Doping of Ru has been used to enhance the performance of LiNi_0.5Mn_1.5O₄ cathode materials. However, the effects of Ru doping on the two types of LiNi_0.5Mn_1.5O₄ are rarely studied. In this study, Ru⁴⁺ with a stoichiometric ratio of 0.05 is introduced into LiNi_0.5Mn_1.5O₄ with different space groups (Fd3¯m, P4₃32). The influence of Ru doping on the properties of LiNi_0.5Mn_1.5O₄ (Fd3¯m, P4₃32) is comprehensively studied using multiple techniques such as XRD, Raman, and SEM methods.
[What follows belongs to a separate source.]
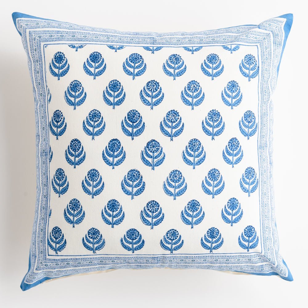 The Pinot Pillow Cover brings effortless elegance to any room with its refreshing blue floral motif, originally hand-painted and then hand-block printed by artisans. Crafted from soft cotton, each pillow cover showcases intricate detailing and a crisp border that enhances its refined, globally inspired style. Available in multiple sizes for easy layering—from sofas and reading chairs to outdoor seating and bedroom ensembles. Mix and match for a perfectly styled, artisan-crafted look.

Electrochemical tests show that Ru⁴⁺-doped LiNi_0.5Mn_1.5O₄ (P4₃32) delivers the optimal electrochemical performance. Its initial specific capacity reaches 132.8 mAh g⁻¹, and 97.7% of this is retained after 300 cycles at a 1 C rate at room temperature. Even at a rate of 10 C, the capacity of Ru⁴⁺-LiNi_0.5Mn_1.5O₄ (P4₃32) is still 100.7 mAh g⁻¹. Raman spectroscopy shows that the Ni/Mn arrangement of Ru⁴⁺-LiNi_0.5Mn_1.5O₄ (Fd3¯m) is not significantly affected by Ru⁴⁺ doping. However, LiNi_0.5Mn_1.5O₄ (P4₃32) is transformed to semi-ordered LiNi_0.5Mn_1.5O₄ after the incorporation of Ru⁴⁺. Ru⁴⁺ doping hinders the ordering process of Ni/Mn during the heat treatment process, to an extent.